Intel CEO Paul Otellini, in a conference call April 16 with analysts and journalists to talk about the company’s first-quarter financial numbers, spoke about the efforts the giant chip maker has made during his eight-year tenure to expand the reach of its silicon technology.
Otelllini, due to retire next month after more than four decades at Intel, said the company continues to move beyond PCs and servers into such areas as microservers, mobile devices, storage products and embedded systems.
“We compete wherever there is computing,” he said.
On April 17 at the Open Networking Summit, Intel executives laid out the company’s strategy around data center networking and the burgeoning trend of software-defined networking (SDN). They also showed that their efforts will expand beyond simply supplying the processors for networking hardware. The company unveiled reference architectures designed to help enterprises, cloud service providers and telecommunications companies more quickly create hardware and software for SDN and network-function virtualization (NFV), moves that could bring Intel into closer competition with the likes of networking giant Cisco Systems and chip maker Broadcom.
The moves are aimed at encouraging the development of open SDN and NFV technologies atop standard x86-based platforms, which could reduce the need for specialized networking silicon from Cisco and other networking vendors and help Intel mount a strong challenge to Broadcom.
“SDN and NFV are critical elements of Intel’s vision to transform the expensive, complex networks of today to a virtualized, programmable, standards-based architecture running commercial off-the-shelf hardware,” Rose Schooler, vice president of the Intel Architecture Group and general manager of Intel’s Communications and Storage Infrastructure Group, said in a statement. “The reference designs announced today enable a new phase in the evolution of the network and represent Intel’s commitment to driving an open environment that fosters business agility and smart economics.”
In a presentation to journalists before the announcement, Schooler said that networking technology now tends to be proprietary, costly and relatively inflexible, difficult to deploy and with a limited ecosystem, complex and inefficient. SDN is designed to make networks more flexible, scalable and programmable by removing network intelligence from switches and routers and putting it into a software-based controller. NFV leverages virtualization technology to consolidate networking equipment onto industry-standard servers, storage and switches, according to Intel.
Joining open SDN and NFV standard with Intel hardware and software can enable enterprises and service providers to create networking environments that are more agile, flexible, dynamic and intelligent, company officials said.
Intel has bought a number of companies over the past couple of years to rapidly grow its networking capabilities, including Ethernet chip maker Fulcrum Systems in 2011. It also has made several moves in the SDN space this year, including investing $6.5 million in Big Switch Systems and becoming a founding member of the OpenDaylight Project, which aims to create a common, open SDN platform. The company also is working with the European Telecommunications Standards Institute’s NFV project.
Given that, it would make sense that Intel aimed to announce its reference architectures at the Open Networking Summit. Intel’s Open Network Platform Switch Reference Design uses Intel Core or Xeon processors, its Ethernet Switch 6700 series and Intel Communications Chipset 89xx series as a foundation. The reference design, which had been codenamed “Seacliff Trail,” includes Wind River Open Network Software, a switching software stack that leverages Wind River Linux and that supports such SDN standards as OpenFlow and Open vSwitch.

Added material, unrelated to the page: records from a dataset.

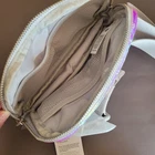 This belt bag is absolutely stunning—the iridescent finish shifts between pink, blue, and silver in different light. It’s brand new with tags still attached and hardware protectors in place. No flaws, no smells, just perfect condition. A must-have for hands-free style!
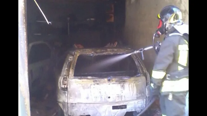 i vigili del fuoco sono intervenuti in varese per un’incendio di un’autovettura in un box, 13 giugno 2014.
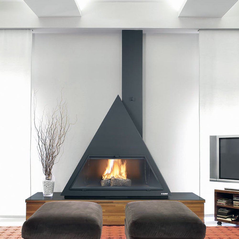 Компактный камин с прекрасным обзором огня, системой двойного дожига и внутренней воздушной камерой.
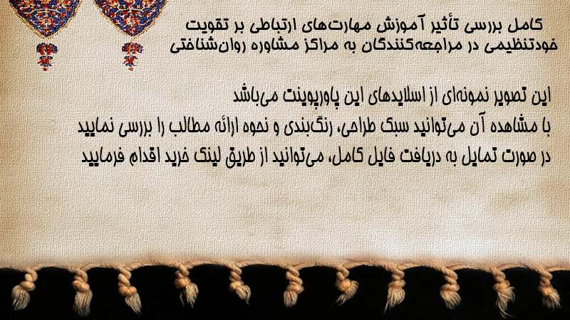 پاورپوینت کامل بررسی تأثیر آموزش مهارتهای ارتباطی بر تقویت خودتنظیمی در مراجعهکنندگان به مراکز مشاوره روانشناختی
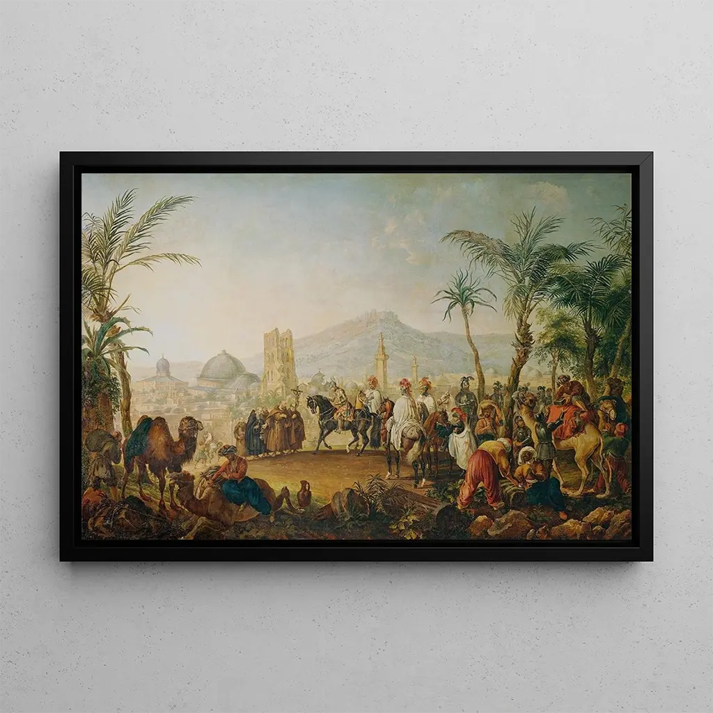 Le tableau "Croisé" de Johann Nepomuk Hoechle évoque une scène empreinte de sérénité et de mystère. La composition, centrée sur un personnage en prière, est baignée d'une lumière douce qui filtre à travers des nuages délicats. Les couleurs pastel, mêlant des nuances de bleu et de beige, créent une atmosphère apaisante, presque méditative. La technique de Hoechle, caractérisée par des coups de pinceau fluides, donne vie à une scène qui invite à la contemplation. Chaque détail, du visage du personnage aux éléments naturels environnants, contribue à une ambiance spirituelle, rendant cette reproduction du tableau "Croisé" particulièrement captivante.
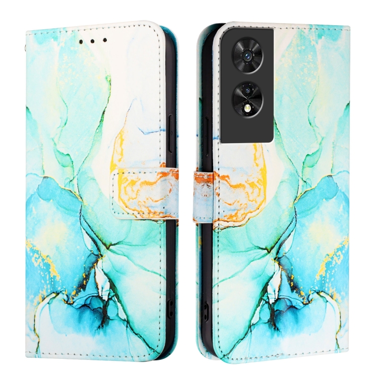 Funda de Cuero con Tapa para TCL 505 Pt003 con Patrón de Mármol (Verde)
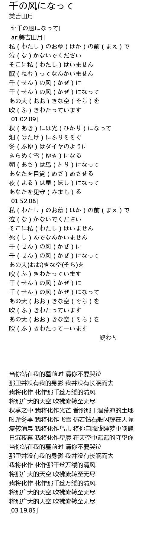 | [02:24.19] | 千(せん)の风(かぜ)に 千(せん)の风(かぜ)になって |
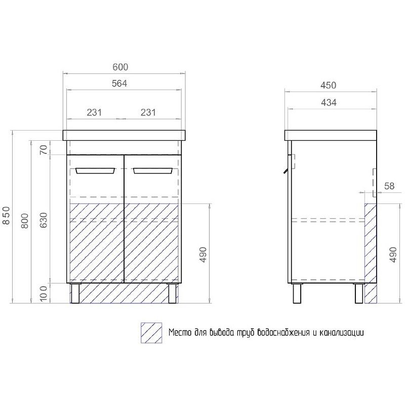 Тумба под раковину Vigo Nova 60 tn.NOV.MIR.60.2D напольная с двумя распашными дверцами.
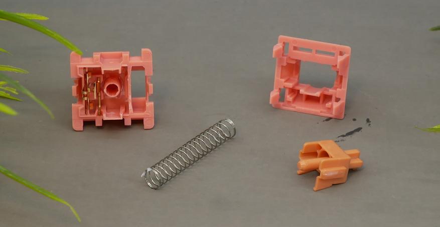 Корпус Akko Rosewood состоит из двух половинок, металлического контакта и пружинки. Имеется немного смазки.
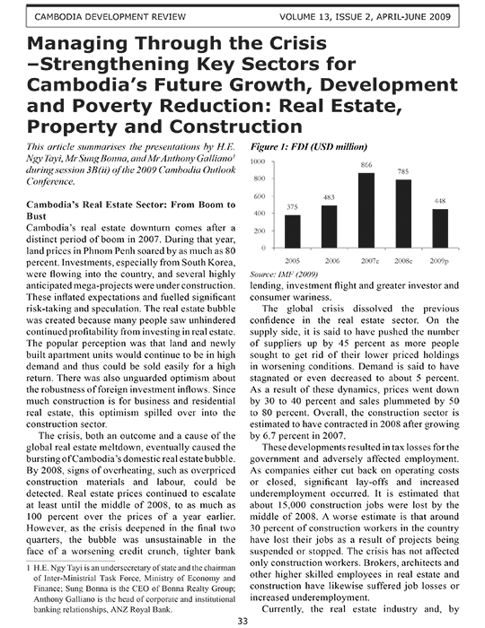 Managing Through the Crisis –Strengthening Key Sectors for Cambodia’s Future Growth, Development and Poverty Reduction: Real Estate, Property and Construction
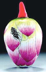所谓“仿生类鼻烟壶”,就是让鼻烟壶仿胡桃、藕、石榴、茄子、花生、螃蟹、海螺等形象,与传统意义上的鼻烟壶造型有着很大的区别。在此次拍卖中,一件料胎画珐琅半开莲花形鼻烟壶十分抢眼(如图),此壶呈半开莲花形,含苞待放,花瓣层层重叠,姿态动人逼真,彩绘精细自然。
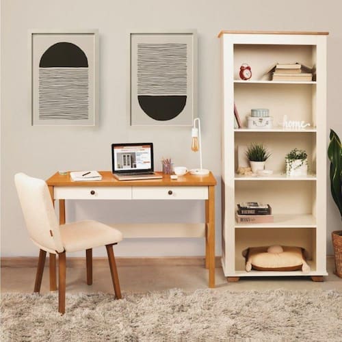 A linha Ananda é uma linha de escritório no estilo clássico, com priorização de funcionalidade e a possibilidade do cliente em montar um ambiente de trabalho com estilo e elegância. Conta com Escrivaninha 120cm 2 Gavetas com corrediças telescópicas e 1 Estante Alta para Livros com 4 prateleiras. Altura do Conjunto: 178.2 cm Ambiente: null Ambiente Principal: Escritório Cor: Off White/Mel Informação Complementar: 1x Escrivaninha 120cm 2 Gavetas Tampo Pés em Madeira Maciça Ananda Off-white/Mel Largura: 120 cm Altura: 77,3 cm Peso: 23 kg Profundidade: 50 cm Necessita Montagem: Sim

Intel’s Data Plan Development Kit (DPDK) Accelerated Open vSwitch is designed to improve small packet throughput and workload performance using standard Intel-based servers.
Another architecture, the Open Network Platform Server Reference Design, is based on Xeon chips, Intel’s 82599 Ethernet controller and the Communications Chipset 89xx series. The reference design enables enterprises and service providers to put virtual appliance workloads on standard Intel-based servers using SDN and NFV standards, and also includes the Wind River Open Networking Software, which also supports Intel’s DPDK Accelerated Open vSwitch and the OpenStack cloud software.
The Open Network Platform Switch Reference Design is available now, while the DPDK Accelerated Open vSwitch will be released with the Open Network Platform Server Reference Design in the third quarter. That reference design is in development, with the first alpha series set to be available in the second half of this year.